[Opening Records provided section]

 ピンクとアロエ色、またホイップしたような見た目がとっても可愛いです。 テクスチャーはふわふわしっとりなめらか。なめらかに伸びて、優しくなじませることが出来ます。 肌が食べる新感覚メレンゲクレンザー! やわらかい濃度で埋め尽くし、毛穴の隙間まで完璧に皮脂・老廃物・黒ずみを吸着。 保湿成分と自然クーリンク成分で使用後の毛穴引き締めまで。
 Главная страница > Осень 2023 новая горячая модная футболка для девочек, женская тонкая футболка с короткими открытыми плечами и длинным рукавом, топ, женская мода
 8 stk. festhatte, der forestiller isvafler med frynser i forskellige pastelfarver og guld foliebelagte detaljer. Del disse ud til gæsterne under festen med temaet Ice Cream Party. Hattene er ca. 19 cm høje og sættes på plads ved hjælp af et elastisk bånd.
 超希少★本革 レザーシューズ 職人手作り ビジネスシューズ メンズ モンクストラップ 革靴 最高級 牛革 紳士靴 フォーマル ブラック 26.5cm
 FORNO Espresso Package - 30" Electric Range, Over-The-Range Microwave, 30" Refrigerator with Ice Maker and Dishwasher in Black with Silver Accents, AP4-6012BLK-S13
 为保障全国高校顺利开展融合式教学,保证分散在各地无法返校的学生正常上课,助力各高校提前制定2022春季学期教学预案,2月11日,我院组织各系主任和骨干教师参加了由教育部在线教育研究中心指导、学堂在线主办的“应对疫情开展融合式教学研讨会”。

[Closing Records provided section]

**What you should do:** The lines from the one with "8 stk. festhatte, der" through the end of the data above are to be set down exactly, with both boundary lines included and no other lines.

**Finished task:**
 8 stk. festhatte, der forestiller isvafler med frynser i forskellige pastelfarver og guld foliebelagte detaljer. Del disse ud til gæsterne under festen med temaet Ice Cream Party. Hattene er ca. 19 cm høje og sættes på plads ved hjælp af et elastisk bånd.
 超希少★本革 レザーシューズ 職人手作り ビジネスシューズ メンズ モンクストラップ 革靴 最高級 牛革 紳士靴 フォーマル ブラック 26.5cm
 FORNO Espresso Package - 30" Electric Range, Over-The-Range Microwave, 30" Refrigerator with Ice Maker and Dishwasher in Black with Silver Accents, AP4-6012BLK-S13
 为保障全国高校顺利开展融合式教学,保证分散在各地无法返校的学生正常上课,助力各高校提前制定2022春季学期教学预案,2月11日,我院组织各系主任和骨干教师参加了由教育部在线教育研究中心指导、学堂在线主办的“应对疫情开展融合式教学研讨会”。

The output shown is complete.